Upload any document → get structured, machine-readable data back.

DocIntel is an end-to-end document intelligence pipeline that takes PDFs and images through layout detection, OCR, and named entity extraction — returning clean, structured JSON. Built for real-world use cases like digitizing land deeds, processing research papers, and extracting data from scanned forms.

Screenshots

Upload Interface

Drag-and-drop document upload with supported format indicators and processing capabilities overview.

Text Blocks — Layout Detection Results

Extracted text blocks with semantic type classification (Title, Paragraph, List, Table, Footer), confidence scores, and bounding box coordinates.

Entity Extraction

Named entities detected across pages — people, locations, dates, monetary values, and organizations — with type-coded badges and character offsets.

Structured JSON Output

Full API response with syntax highlighting — ready for downstream integration.

The Problem

Organizations worldwide — from smallholder farmers registering land deeds, to NGOs digitizing health records, to researchers processing paper archives — need to convert unstructured documents into machine-readable data. Existing tools are either expensive cloud APIs, or fragmented open-source libraries that require significant glue code.

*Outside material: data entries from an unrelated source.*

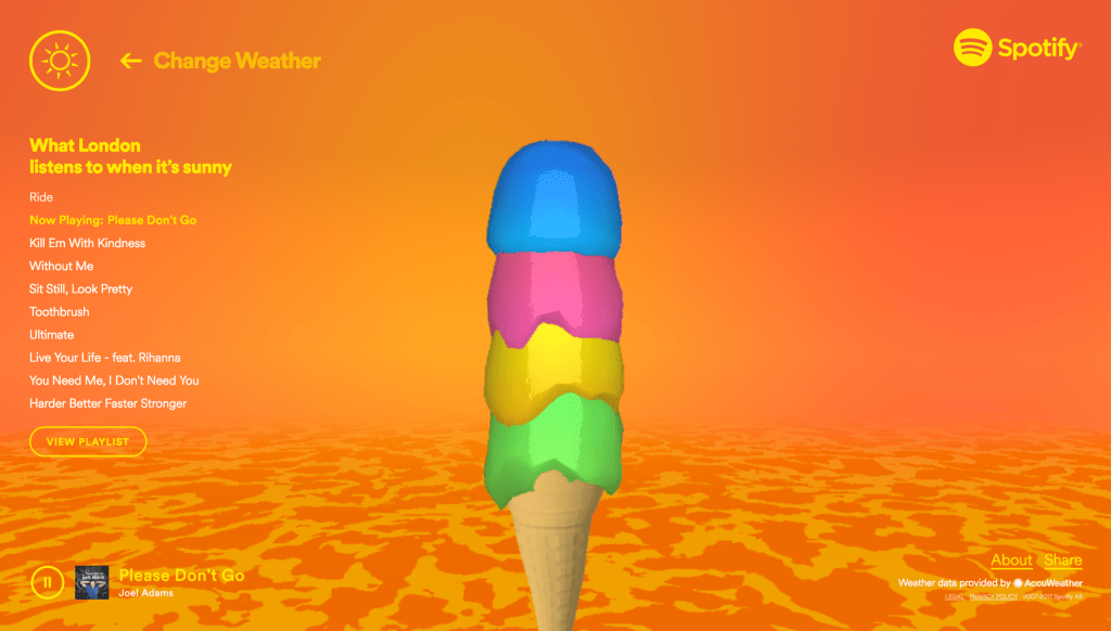 Climatune is a little different: Spotify has created a distinct website, which detects your location (or closest location that it’s tracking) and then presents you with a playlist of 30 tracks to fit the weather.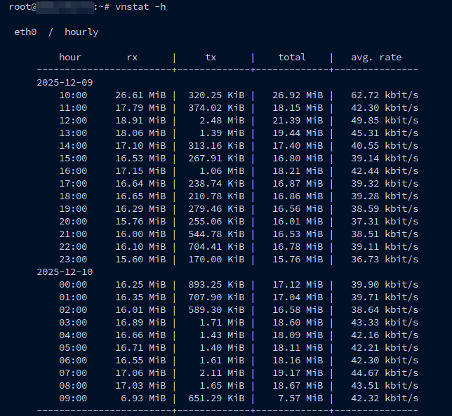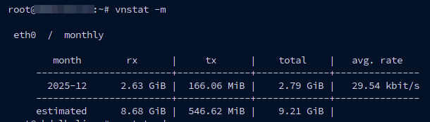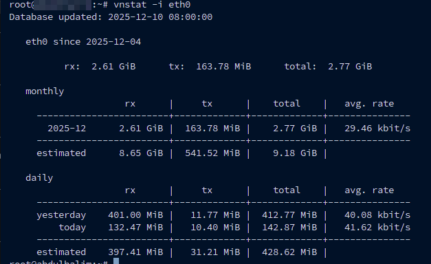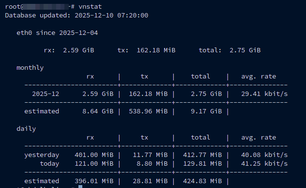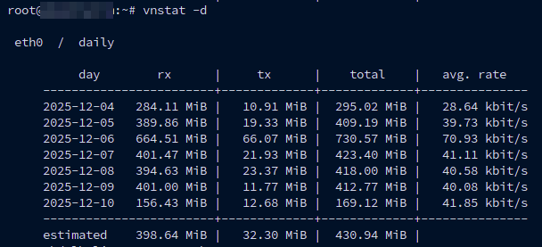 vnstat akan menampilkan statistik penggunaan bandwidth pada semua interface yang terdapat di dalam VPS tersebut. Data yang ditampilkan merupakan kalkulasi penggunaan bandwidth per bulan dan per hari.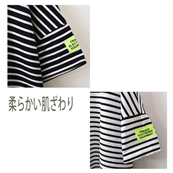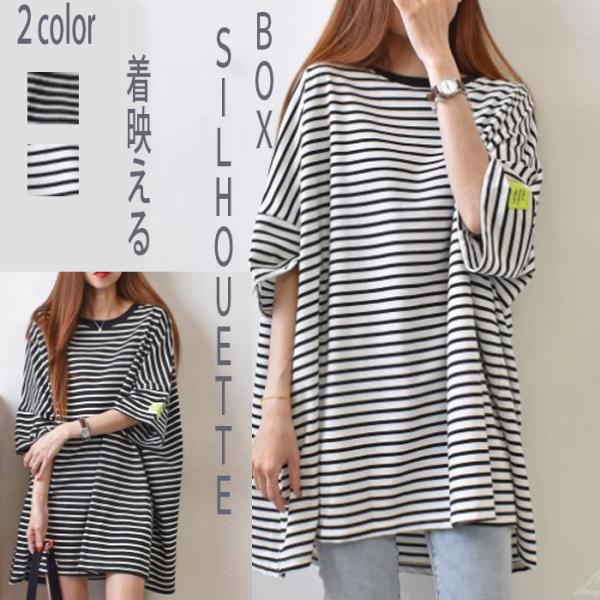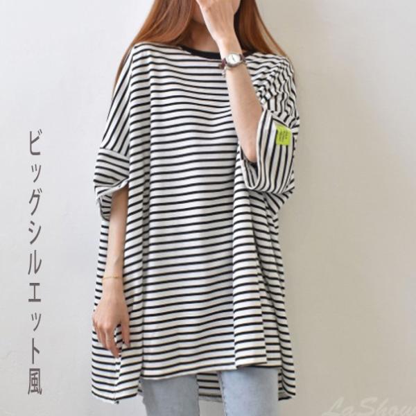 tシャツ レディース ロンT ボーダー 半袖 トップス ビックシルエット シンプル ボックスシルエット 5分袖 ゆったり カットソー 大きいサイズ 春 夏 夏服 秋服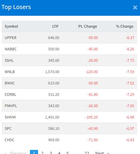 आज अपर तामाकोशीका लगानकिर्ताले गुमाएका छन् । कम्पनीका लगानीकर्ताले ८ दशमलव ३७ प्रतिशतका दरले गुमाएका छन् । नारायणी डेभलपमेन्ट बैंकका लगानकिर्ताले ८ दशमलव २६ प्रतिशतका दरले गुमाएका छन् । शिवम् सिमेन्ट हाइड्रोका लगानकिर्ताले ७ दशमलव ७५ प्रतिशतका दरले गुमाएका छन् ।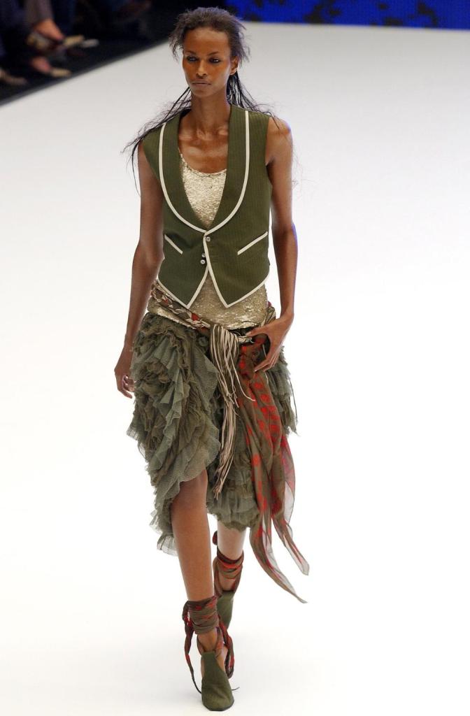 Irere was a journey of contrasts: chaos and beauty, survival and rebirth. McQueen’s masterful craftsmanship, from the historical nods to the intricate detailing, was evident throughout showcasing chiffon dresses, tie-dye jumpsuits, and boleros adorned with feather motifs.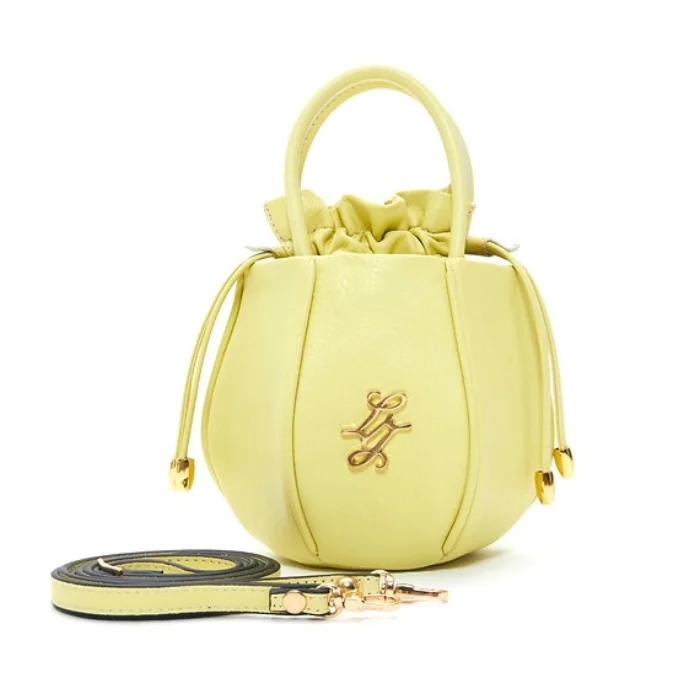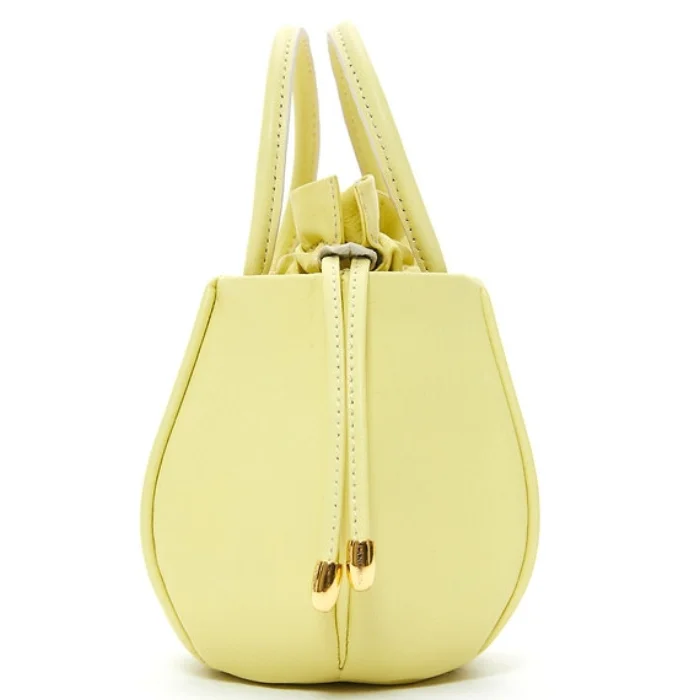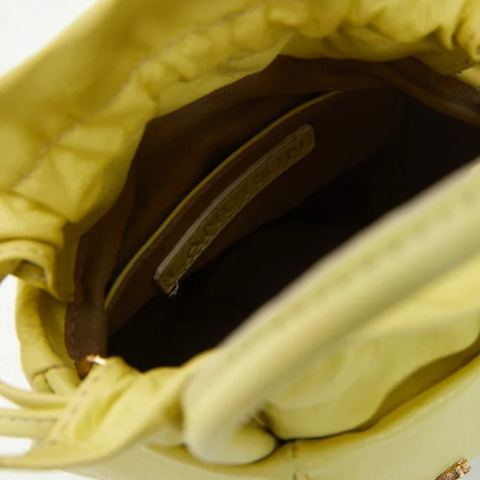 Leather bag with detachable and adjustable shoulder strap and drawstring closure.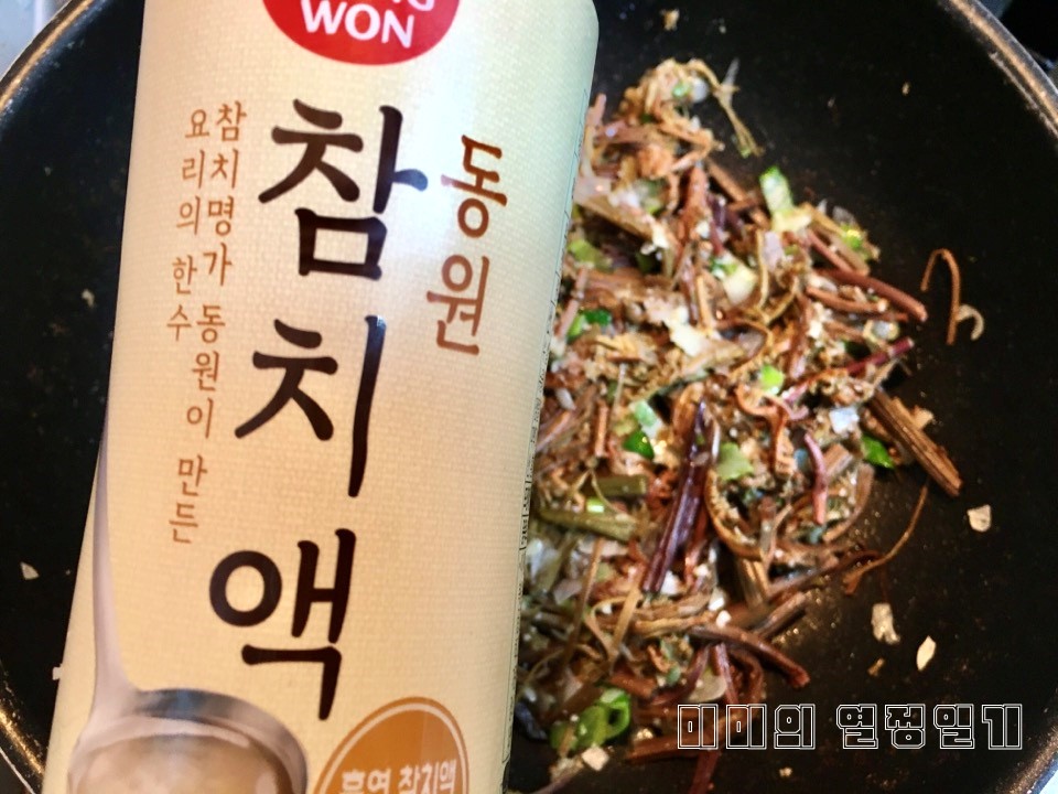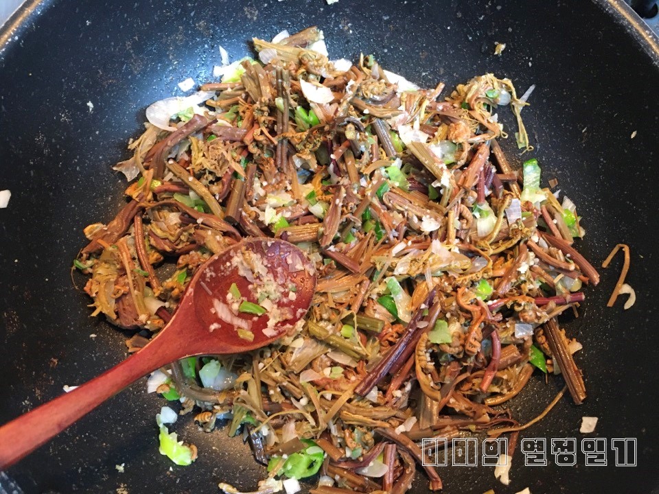 전체적으로 고사리에 들기름과 대파 마늘 향이 입혀지도록 몇 번 뒤집기 합니다.

DocIntel provides a single API endpoint that handles the entire pipeline: upload a document, get structured JSON back with text blocks, bounding boxes, and extracted entities.

Features

Multi-format support — PDF, PNG, JPG, JPEG, TIFF, BMP
Layout detection — Identifies titles, paragraphs, tables, lists, and figures using heuristic-based connected component analysis
OCR extraction — Tesseract-powered text extraction with per-block confidence scores
Named entity recognition — Extracts dates, monetary amounts, percentages, emails, phone numbers, and addresses via regex patterns; optional spaCy integration for PERSON, ORG, GPE entities
Structured output — Clean JSON with bounding boxes, block types, and page-level organization
Async processing — Submit large documents for background processing with status polling
React dashboard — Upload documents and explore results with an interactive UI

Architecture

Tech Stack

Layer	Technology
API	FastAPI, Uvicorn, Pydantic v2
OCR	Tesseract (via pytesseract)
PDF	pdf2image (Poppler), pypdf
NLP	Regex patterns + spaCy (optional)
Image	Pillow, NumPy
Frontend	React 18, Vite, Tailwind CSS
Container	Docker, Docker Compose

Quick Start

Prerequisites

Python 3.11+
Node.js 18+
Tesseract OCR (brew install tesseract / apt install tesseract-ocr)
Poppler (brew install poppler / apt install poppler-utils)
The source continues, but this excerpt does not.